HUNDREDS of people are vying for every onebedroom flat that comes up for grabs in the Staffordshire Moorlands ahead of the introduction of the controversial “bedroom tax”.
From April, tenants living in social housing who are receiving housing benefits will see a reduction in the amount paid to them if they have any spare bedrooms.
This has led to soaring demand for one-bedroom homes, with more than 200 people applying for each that becomes available.
News of the fight for smaller homes came as Staffordshire Moorlands District Council gave the go-ahead last week to demolish 18 garages in Spencer Avenue, Leek, and redevelop the site with four single-bedroom apartments.
The planning application was submitted by Ascent Housing, a joint venture between Staffordshire Moorlands District Council and Your Housing, formally Moorlands Housing.
Speaking at last week’s meeting of the council’s planning applications committee, agent for the applicants Nick Grubb said: “When one-bedroom apartments are available more than 200 people are interested.
“The Welfare Reform changes starting in April are creating more demand for one-bedroom units.

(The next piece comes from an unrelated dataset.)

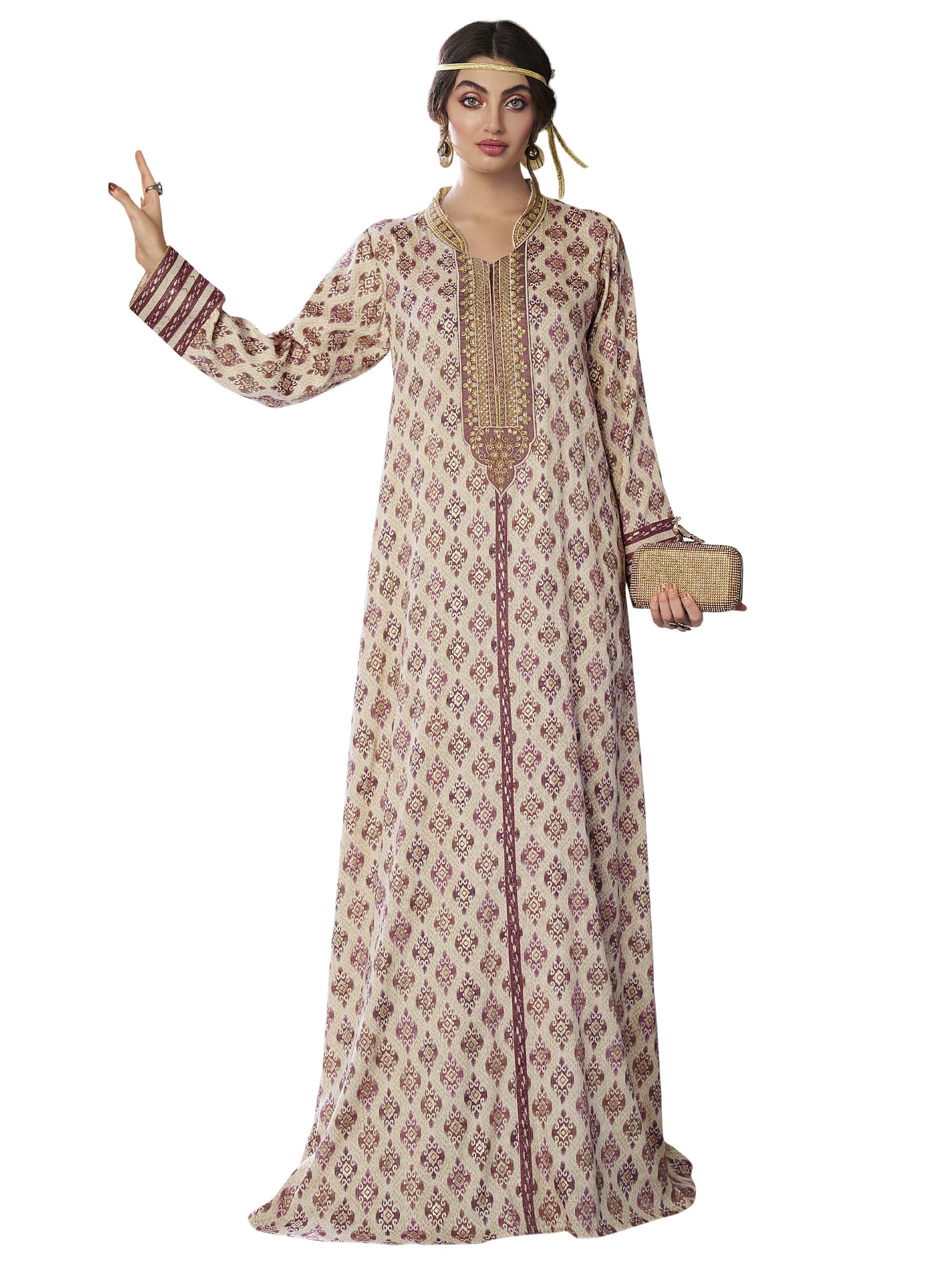 Steal the spotlight with your unique summer look and wear this long sleeve purple and silver printed jalabiya, designed with distinctive embroidery on the chest.

“Couples and single people are now applying for one-bedroom homes across the district.” The council’s housing officer Ian Young also told the committee that there was now a greater demand from couples seeking one-bedroom apartments.
He said: “There are 207 people over 55 and 379 under 55 seeking one-bedroom homes in Leek.

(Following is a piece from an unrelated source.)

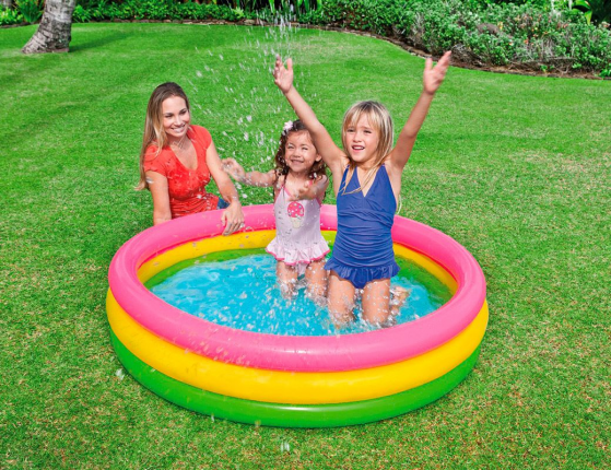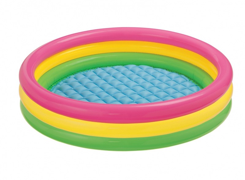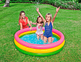Симпатичный красочный бассейн имеет мягкие надувные бортики, которые уберегут вашего ребёнка от травм. Яркая радужная расцветка создает приятное впечатление от бассейна. Можно добавить немного надувных игрушек, чтобы разнообразить досуг ребёнка. Возможный объём наполнения бассейна 272 литра при 80% наливании. В комплект бассейна не входит насос. На случай прокола, к бассейну прилагается ремкомплект.

“There are also 35 people under 55, and 200 over 55, seeking a one-bedroom property anywhere in the Staffordshire Moorlands.”

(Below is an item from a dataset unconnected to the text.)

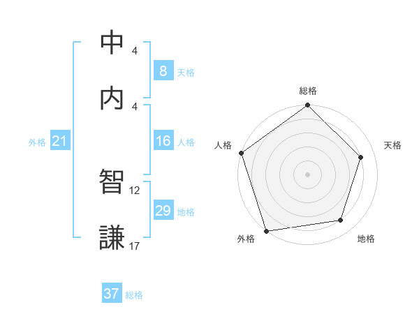 中内 智謙さんの総格は37画の5点!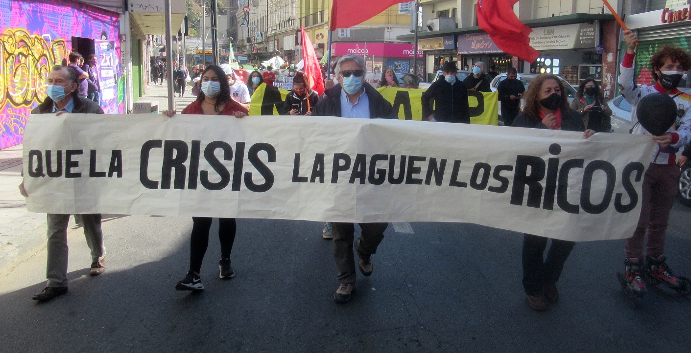 En una de los párrafos de la Carta entregada en la mañana por dirigentes de la CUT en La Moneda, dirigida a Sebastián Piñera, respecto de la convocatoria a esta huelga general expresan: “Nos manifestamos para exigir, una vez más, políticas universales ante la crisis social y económica que se recrudece cada día. Exigimos una Renta Básica de Emergencia de $500 mil, que llegue al 80% de la población; demandamos que haga uso de la atribución que tiene, por el Estado de Excepción, de congelar el precio de los alimentos; presionaremos, una y mil veces, por un salario mínimo por sobre la línea de la pobreza. Todo ello, acompañado del respaldo al proyecto de ley que establece un impuesto a los súper ricos, el royalty a la minería, entre otras medidas que den soporte y sustentabilidad económica a las demandas señaladas.”

However, some councillors on the planning committee spoke out against one-bedroom apartments.
Councillor Mahfooz Ahmad said: “I am not fond of one-bedroom flats, which were a trend in the 60s, but the housing benefits are causing the changes. People may need extra accommodation if someone needs to stay at the home, if someone is ill. This policy should be looked at.”
Under the new rules, tenants will lose 14 per cent of their housing benefit if they have one spare bedroom, and 25 per cent if they have two.
However, Staffordshire Moorlands MP Karen Bradley said: “This is a reduction in benefits, not a bedroom tax.
“Taxpayers are funding spare rooms in the social housing sector. They do not fund them in the private sector.”
“This just affects people of working age who have a spare room. It does not affect pensioners, people with a disability or members of the armed forces.
“No-one will be evicted, as residents will just have their housing benefits reduced if they have spare rooms.
“If people want to move to a smaller property, the house would become available for others. A survey has shown there are many people living in overcrowded accommodation.”
Former Labour MP Charlotte Atkins said she hoped that a future Labour government would reverse the ‘bedroom tax’ policy.
She said: “People are incredibly frightened by the cuts in housing benefits at a time they are struggling to pay heating bills. People no longer have a home for life as their circumstances are now constantly under review.
“This is sending out all the wrong message. What about when a couple are ill and have to sleep in separate rooms? Also, what happens when children come home to see their parents at such times as Christmas or Mothers’ Day? Do they have to sleep on the floor? This is not helping to get families together.
“The Government is cracking down on people with low income at a time they are handing out tax incentives to the rich. This cannot be justified.”
The Unite union has organised protests across the country against the welfare changes.
Len McCluskey of Unite said: “If this pernicious move is allowed to happen, it will have a terrible impact of forcing kids out of schools and causing people to lose their jobs.
“The Government has got this very, very wrong. This is no way to go about solving the housing crisis.
“Unite has warned that the bedroom tax will cause social upheaval as communities are cleared of people who cannot afford to pay for their bedrooms.”